Much has been written in the wake of the Newtown tragedy about the connection between the culture of masculinity and the culture of gun violence. In the past 30 years, all but one of the past 62 mass murderers in the country who have used guns have been men. Gun makers equate gun ownership with manliness. The speculation as to why is rampant. Men are dangerously threatened due to the rise of minorities and women. Men are more sensitive to slights than women. Growing up to be a man is hard.
It’s important to consider the gendered context under which these shooting crimes are committed, and particularly how many of these murderers choose their victims. The rubric of gun culture, mental health and mass violence has myriad elements, and much of it is tied to what it is to be a man in America.

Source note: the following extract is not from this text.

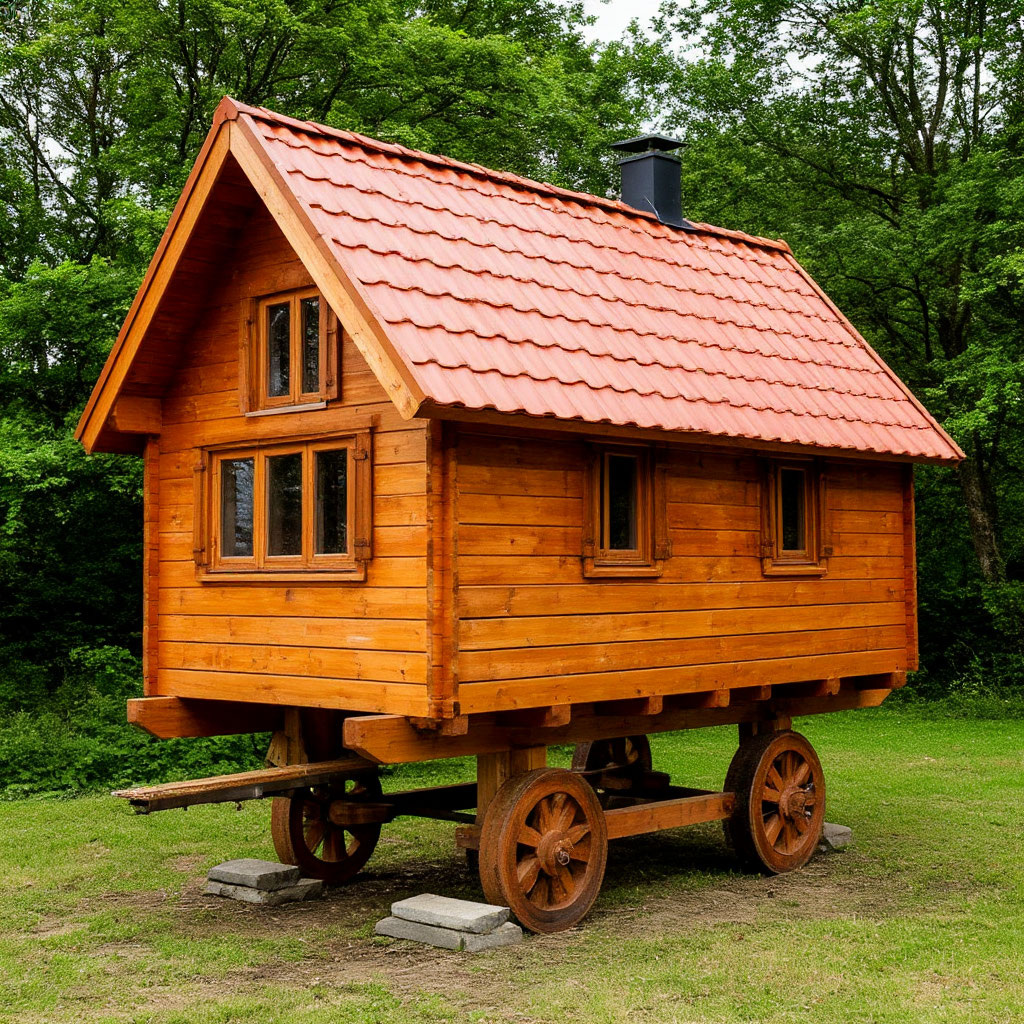 Избушка на курьих ножках из русских сказок не является прямым прообразом дома на колёсах, но её образ связан с идеей мобильности и нестандартной конструкции жилища. В фольклоре избушка Бабы-Яги часто описывается как строение, способное вращаться и перемещаться, что отражает древние представления о пограничных пространствах и магических свойствах таких построек.Исторический контекст избушки на курьих ножках

But we lose a critical part of our understanding, and therefore a critical part of any solution, when the conversation is built solely on a platform of masculinity. And I say this because I have only been personally touched by one mass shooting in my life, and it was done by a woman.
On May 20, 1988, Laurie Dann walked into Hubbard Woods Elementary in Winnetka, Ill., and shot six children. One of them, Nicholas Corwin, died. He was 8 years old. In the past few days, his mother has been interviewed. It is a wound that never heals, not for his family or for the other children who were at the school. Though I wasn’t a student there, my family lived in Glencoe, a neighboring suburb, when the shooting occurred. I was in the same grade as Nick Corwin, and as a kid acutely felt the reign of terror and anxiety that shook the cloistered north suburbs Chicago. It does every time a school shooting occurs. High school friends say they have been freshly traumatized by the Newtown shooting. Many, nearly 25 years later, can remember every detail from that day, down to what they ate and which parents were in the classroom. Some still suffer from regular nightmares.
Dann’s family was from Glencoe, perhaps a 10-minute drive from Hubbard Woods Elementary, and she went to the same high school I eventually graduated from. She was living with her parents in Glencoe when she murdered Corwin. In a close-knit community, many knew she was disturbed, as did her family — after years of erratic and paranoid behavior and a messy divorce, during which she legally acquired a gun, they put her in intensive therapy in a community in Madison, Wis. Her family unsuccessfully attempted to commit her, but eventually she moved back into her parents home after sending death threats to her ex-husband, former baby-sitting clients, former friends and her psychiatrist. Not long after she became a murderer.
Before she began her shooting spree, Dann mailed arsenic-laced food to numerous contacts. She then drove to another nearby school, Ravinia Elementary in Highland Park, and set a small fire, because she believed her ex-sister-in-law’s children were in school there. She attempted to set fire to a day care in the community, but was thwarted. Eventually, she made her way to Hubbard Woods, shooting four boys and two girls, injuring five of them but murdering Corwin. She escaped and took a local family hostage in their home, shooting their college-age son before killing herself in their home.
By now, this script is eerily and horribly familiar. A mentally unwell person obtains several guns. Seeks revenge against an ex-spouse and their loved ones due to perceived slights. Appears to target victims based on gender. Destroys lives and families.
Except in this script, the perpetrator is a woman. The culture of violence and domestic violence in this country is not solely about men and masculinity. Our analysis of it can’t be, either.